During fiscal 2017, SIR permanently closed the last two Alice Fazooli's restaurants (Vaughan and Oakville, Ont.) and opened two new Scaddabush restaurants at these locations. These closures completed SIR's program to evolve the Alice Fazooli's concept brand into its newest concept brand, Scaddabush. With eight Scaddabush locations now in operation, SIR and the fund are well positioned to benefit from the expected continued sales growth of this popular brand.

The new Scaddabush restaurant and the new Reds restaurant that opened during Q2 2018 will be added to royalty pooled restaurants on Jan. 1, 2019.

As at June 20, 2018, SIR has one commitment to lease a property in the Mimico neighbourhood of Etobicoke, Ont., upon which it plans to build one new Scaddabush restaurant.

On Nov. 22, 2017, the Ontario government passed legislation that raised Ontario's general minimum wage on Jan. 1, 2018. The legislation also included a plan to raise it again on Jan. 1, 2019, followed by annual increases at the rate of inflation. These changes will materially increase the cost of hourly labour in the majority of SIR's restaurants. These rapid increases to minimum wage may impact SIR's profitability and/or its ability to pass on increased costs through price increases without adversely affecting guest count velocity. SIR's management is evaluating alternatives to offset the impact of these increases in an effort to reduce the price increases that otherwise may have to be implemented to mitigate anticipated cost increases. On June 7, 2018, a new provincial government was elected in Ontario. At this time, there can be no certainty that the new government will maintain the planned increase to minimum wage on Jan. 1, 2019.

SIR continues to focus on sustaining and growing existing restaurant sales and profits while effectively managing costs. SIR carefully monitors economic conditions, competitive actions and consumer confidence, and considers new store developments and renovations to existing restaurants where appropriate. Based on its assessment of these conditions, the timing of new restaurant construction and renovations, as well as related opening schedules, will be reviewed regularly by SIR and adjusted as necessary.

SIR's Q3 2018 filings, which include its unaudited consolidated financial statements and management's discussion and analysis, can be accessed via the fund's profile on SEDAR under other.

About SIR Royalty Income Fund

The fund is a trust governed by the laws of the Province of Ontario that receives distribution income from its investment in the SIR Royalty LP and interest income from the SIR loan. The fund intends to pay distributions to unitholders on a monthly basis.

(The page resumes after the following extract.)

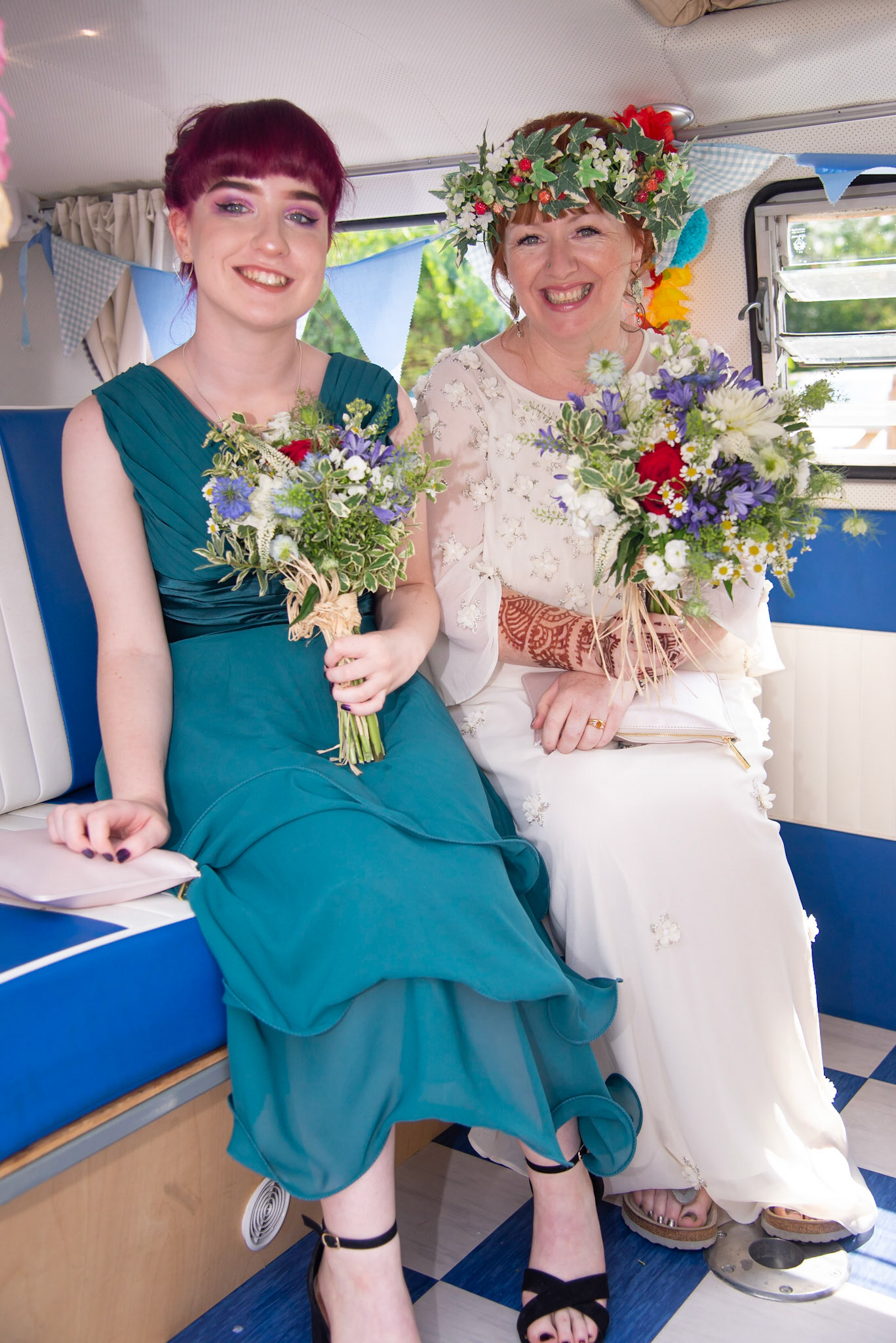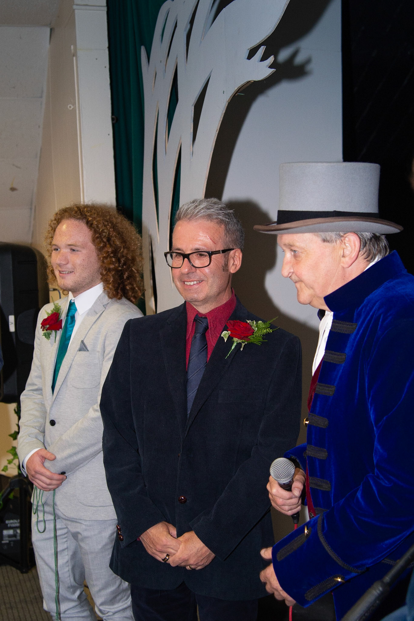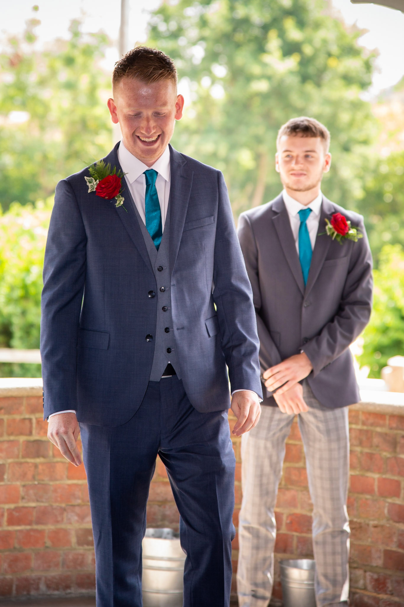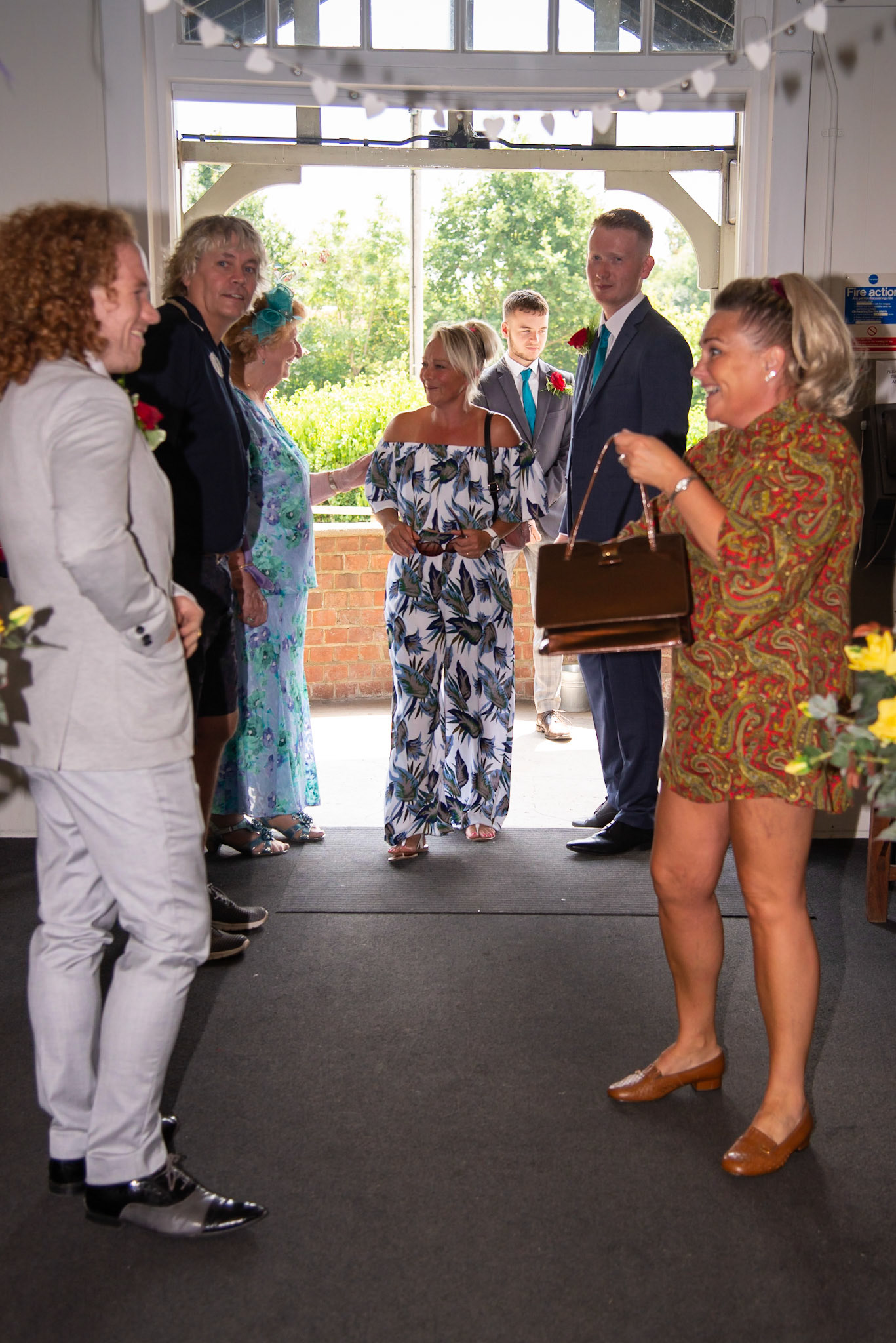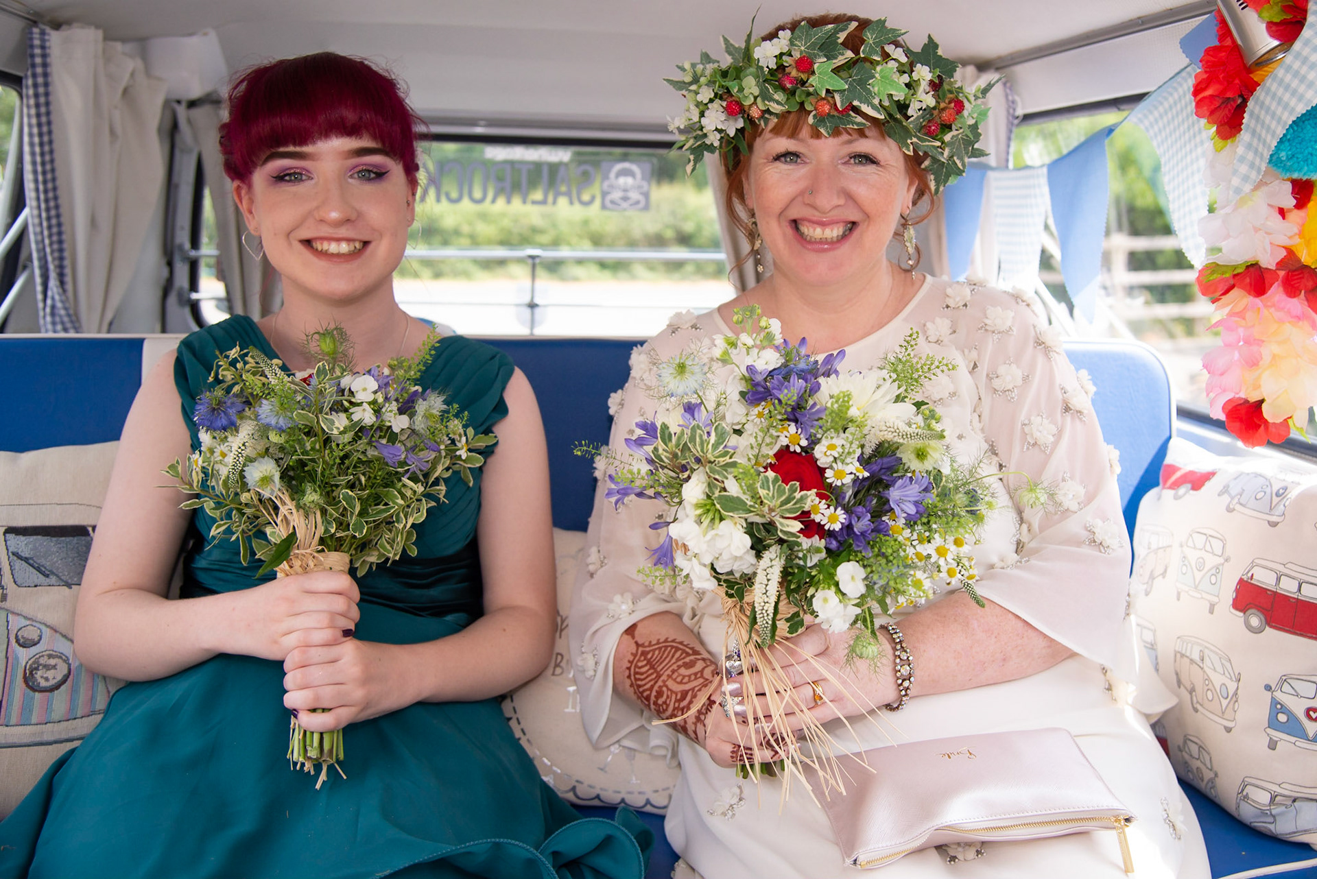 Sally-Ann arriving at the hall walking down the aisle to meet Paddy. The handfasting ceremony and Mike playing during the service.

(1) Same-store sales and same-store sales growth are non-GAAP (generally accepted accounting principles) financial measures and do not have standardized meanings prescribed by international financial reporting standards (IFRS). However, SIR believes that SSS and SSSG are useful measures and provide investors with an indication of the change in year-over-year sales. SIR's method of calculating SSS and SSSG may differ from those of other issuers, and, accordingly, SSS and SSSG may not be comparable with measures used by other issuers. SSSG is the percentage increase in SSS over the prior comparable period. SSS includes revenue from all SIR restaurants except for those restaurants that were not open for the entire comparable period and the seasonal Duke's Refresher & Bar and Abbey's Bakehouse, which are both located in Muskoka, Ont. When a SIR restaurant is closed, the revenue for the closed restaurant is excluded from the calculation of SSS and SSSG for both the quarter in which the restaurant is closed and the current year to date.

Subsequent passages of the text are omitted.